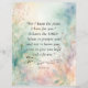 This watercolor design features delicate botanicals in soft shades of blue, green, and coral, creating a serene and dreamy atmosphere. The gentle blending of colours evokes a sense of tranquillity and harmony. The inspiring Bible verse, Jeremiah 29:11, is at the centre of this composition, elegantly displayed, reminding us of hope and divine purpose. The overall effect is uplifting and calming, making it a perfect addition to any space needing encouragement and serenity. This artwork captures the essence of nature and faith in a visually stunning way.
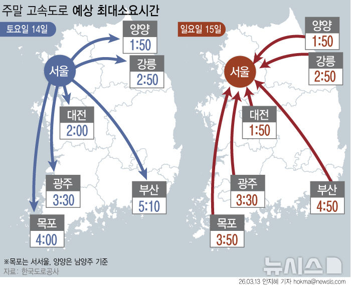 [서울=뉴시스]이태성 기자 = 14일 토요일은 기온 상승으로 전국 교통량이 지난주보다 소폭 증가할 것으로 전망된다.
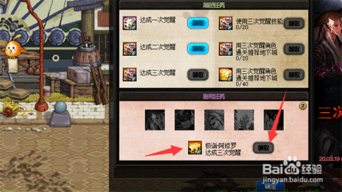 然后打开的界面,领取【级诣.阿修罗达到三醒觉】礼包,在里面可以获得100级传说装备。
────────
> _What is required_
Excluding all images, transcribe the material word for word.

> _Answer_
 This watercolor design features delicate botanicals in soft shades of blue, green, and coral, creating a serene and dreamy atmosphere. The gentle blending of colours evokes a sense of tranquillity and harmony. The inspiring Bible verse, Jeremiah 29:11, is at the centre of this composition, elegantly displayed, reminding us of hope and divine purpose. The overall effect is uplifting and calming, making it a perfect addition to any space needing encouragement and serenity. This artwork captures the essence of nature and faith in a visually stunning way.
 [서울=뉴시스]이태성 기자 = 14일 토요일은 기온 상승으로 전국 교통량이 지난주보다 소폭 증가할 것으로 전망된다.
 然后打开的界面,领取【级诣.阿修罗达到三醒觉】礼包,在里面可以获得100级传说装备。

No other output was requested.